O fato não deve interferir no pagamento da indenização, segundo o advogado Carlos Alberto Sanseverino: “O cálculo será feito sobre o que ele ganharia no trabalho”.

Obras

O Sindicato dos Metroviários de São Paulo entrou na tarde de ontem com uma representação junto ao Ministério Público Estadual e outra junto ao Ministério Público do Trabalho pedindo a paralisação das obras da linha 4-amarela do metrô de São Paulo. Os ações foram protocoladas na tarde de ontem.
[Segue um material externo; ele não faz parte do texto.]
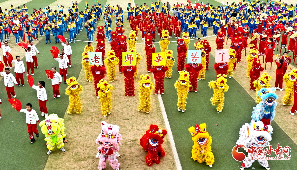 9月5日,在張掖市甘州區(qū)大成學(xué)校體育場上,舞龍、舞獅、踩高蹺、扇子舞、威風(fēng)鑼鼓、腰鼓、武術(shù)等38個社團(tuán)依次進(jìn)行成果展演,師生們在傳承中華民族的優(yōu)秀文化,探索向美而行的新路徑中,歡慶即將到來的第40個教師節(jié)。

Segundo o sindicato, a intenção é a de que as obras sejam paradas para que ocorra “uma auditoria técnica em toda a sua extensão, com o objetivo de dar segurança aos trabalhadores e à população, bem como para que o modelo de contratação ‘turn key’ (preço fechado) seja revisto”, disse o sindicato em nota. Segundo as assessorias de imprensa tanto do Ministério Público Federal quanto do Ministério Público do Trabalho, os protocolos ainda não foram distribuídos aos promotores.

As representações são conseqüência do desabamento no canteiro de obras da linha 4-amarela do Metrô, em Pinheiros (zona oeste), no último dia 12. Sete pessoas morreram no acidente. As obras pararam apenas no canteiro onde a cratera se abriu. Nas demais frentes, as obras seguem. O Metrô foi procurado pela reportagem por volta das 17h50, mas ainda não se manifestou.